“Facts tell. Stories sell.”
This old adage has never been truer — especially for B2B marketers trying to capture attention in a cluttered digital landscape.
That’s why David Aaker, author of “Creating Signature Stories: Strategic Messaging that Energizes, Persuades and Inspires” says it’s never been more important for marketers to apply the power of storytelling.
Here’s how marketers can apply Aaker’s signature story concept to build brands, improve customer relationships and inspire employees.
Traits of a Signature Story
Aaker says a signature story is “an intriguing, authentic, involving narrative that delivers or supports a strategic message clarifying or enhancing the brand vision, customer relationship, organizational values and/or business strategy.”

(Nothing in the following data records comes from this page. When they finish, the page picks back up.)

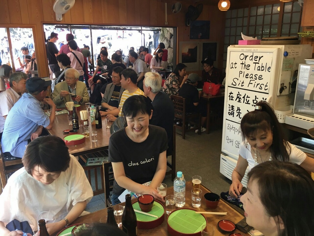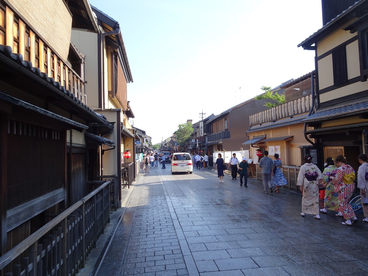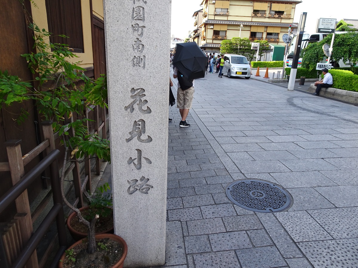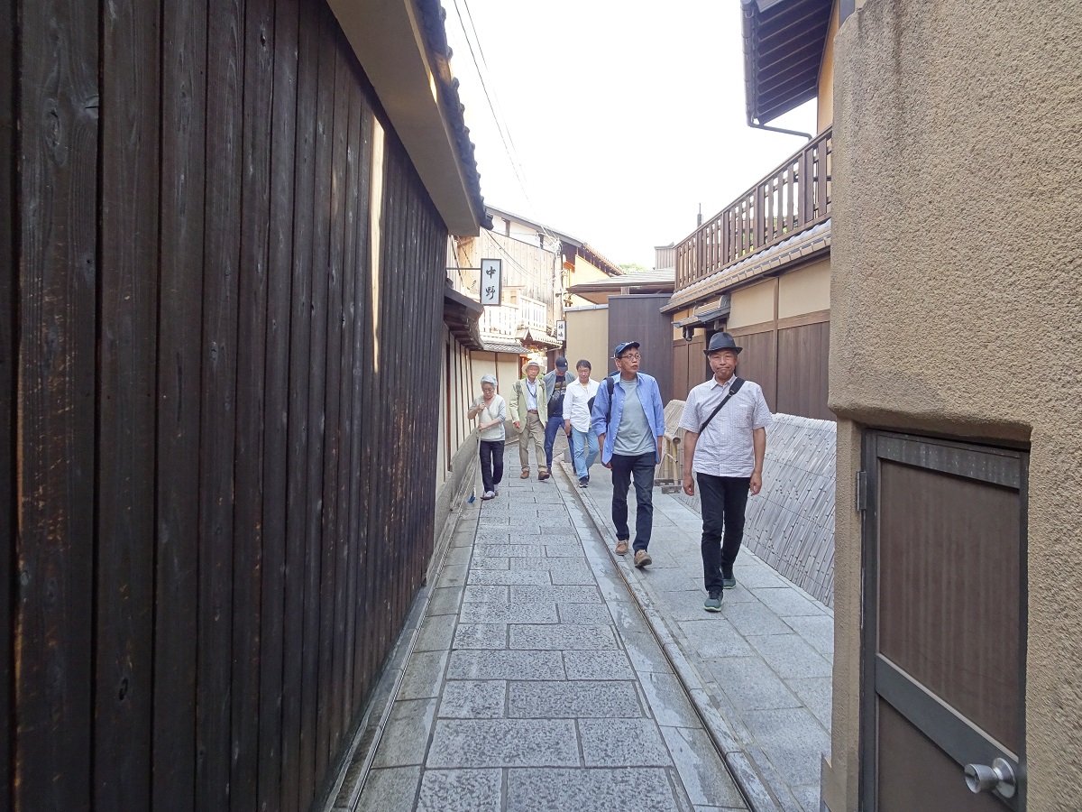 ねねの道は静かだった。高台寺の大きな木々の木洩れ日が石畳に映えて、とてもきれいな道だ。すぐ横の石塀小路の風情も楽しみたいところだが、みんなの疲れた足や目は、早めのゴールを訴えていた(笑)。円山公園の脇を抜け、八坂神社に入ると、さすがの観光スポット、人で溢れていた。せっかくだからと参拝する仲間を見守り、ゴールの花見小路に到着した。ここで解散して、夜の懇親会まで自由時間だ。花見小路は古い京町家の景観を保存しているような風情で、とても美しいエリアだ。高級そうな飲食店や芸妓さんの置屋も多いが、おしゃれな新しい店やカフェもたくさんある。観光客が少なければいいに決まっているのだが、ここも人でごった返している。
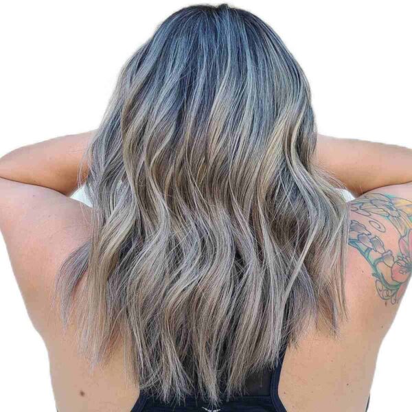 I refer to this as a silver foliage because I utilized both techniques, foils, and balayage, to achieve the desired lightness for a silver hue. Initially, this blonde hair color took 6+ months, and I began at levels 6-7. It’s crucial not to overload your hair beyond its capacity when aiming for this color. To reach a silver tone, you have to remove all pigment from your hair, which makes it susceptible and in need of treatments and regular upkeep.
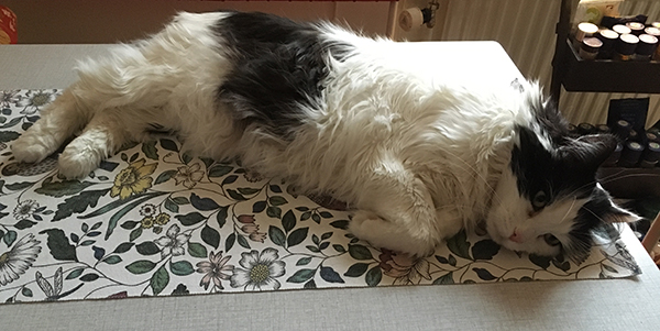 Lucifer utsträckt på köksbordet
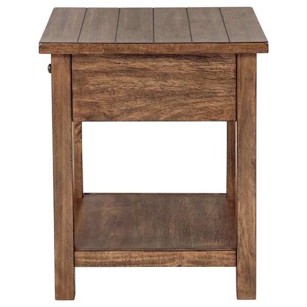Payne 20 in. Distressed Brown 1-Drawer Square Wood Top End Table with Shelf
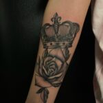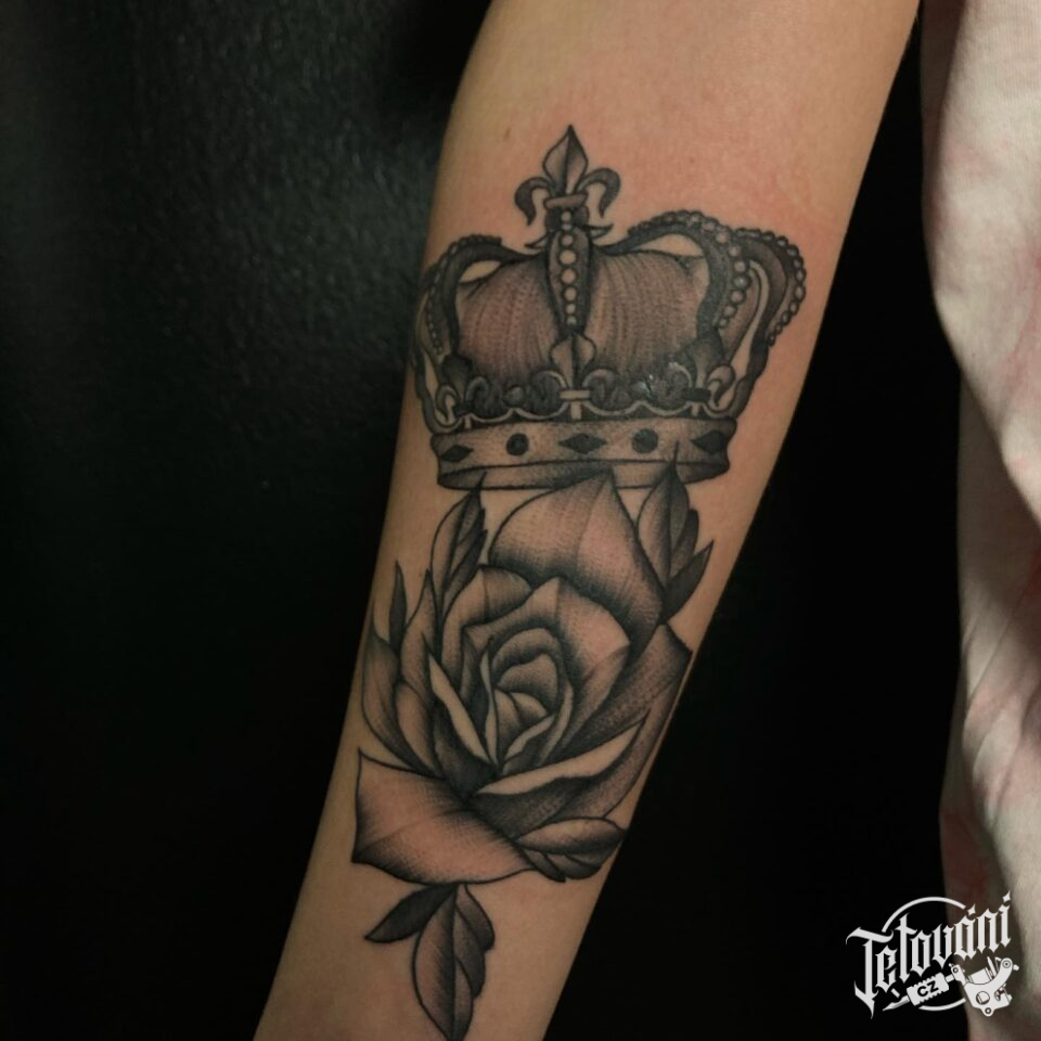 Tetování květina, růže, koruna na předloktí

For example, after returning from a fishing trip with wet, cold feet, Leon L. Bean decided to invent a new boot with lightweight leather tops and waterproof rubber bottoms. They worked so well that he sold them via mail order. But 90 of his first 100 pairs leaked! Even though it nearly broke him, Bean refunded every penny and fixed the process so the boots were truly watertight.
Aaker calls this a signature story because it shows the firm’s innovation culture, plus its commitment to quality which has become part of L.L. Bean’s legendary “100 percent satisfaction” guarantee.
As the L.L. Bean example shows, a signature story is not is a set of facts or figures. Aaker says that many organizations, especially in B2B, think facts communicate a lot of information. But Aaker stresses that facts alone “do not gain attention, stimulate social activity, persuade or inspire.”
Aaker also points out that, because signature stories can be short, they usually come in sets. Sets of strategic stories can elaborate on the same message, or different story sets with different messages can support different products or applications. With multiple signature stories, Aaker says marketers can “create interest, energy and visibility” and “breadth and depth.”
Creating a Signature Story
Those of us tasked with creating and communicating stories in a strategic and compelling way know it isn’t easy. Some of our biggest barriers are limited time and resources and a lack of story sources.
Aaker offers tips to overcome those storytelling hurdles:
Buy into a “test and learn” philosophy. Don’t wait for the perfect story. Try out stories that aren’t fully developed and see if they’re effective before you invest more time to refine them.
Source both owned and borrowed stories. Aaker says owned stories — those based on your own firm or brand — “have the most potential to be intriguing, authentic and involving.” If you don’t have an ownable story, look elsewhere for a relevant story that you can borrow and adapt.
Nurture signature stories. “Signature stories do not just appear. They are born through a process,” says Aaker. Signature stories need organizational support, whether that’s through models like a content center of excellence, an editorial board/content council or a content lead, like a managing editor.
Making a Signature Story Strong
Certain characteristics of signatures stories rise to the top and drive the message. But, he says, “a high number of checkmarks on the list don’t necessarily make a story more powerful.”
Aaker suggests evaluating a story’s strength based on the four signature story characteristics:
- Is it a story? Does it have a narrative with a beginning, middle and end?
- Is it intriguing? Does it capture attention?
- Is it authentic? Do all the elements feel real?
- Is it involving? Does it draw people in or make them care?
Creating or unearthing a strong signature story isn’t a quick or simple process. But, Aaker says, the right signature story can be a significant asset.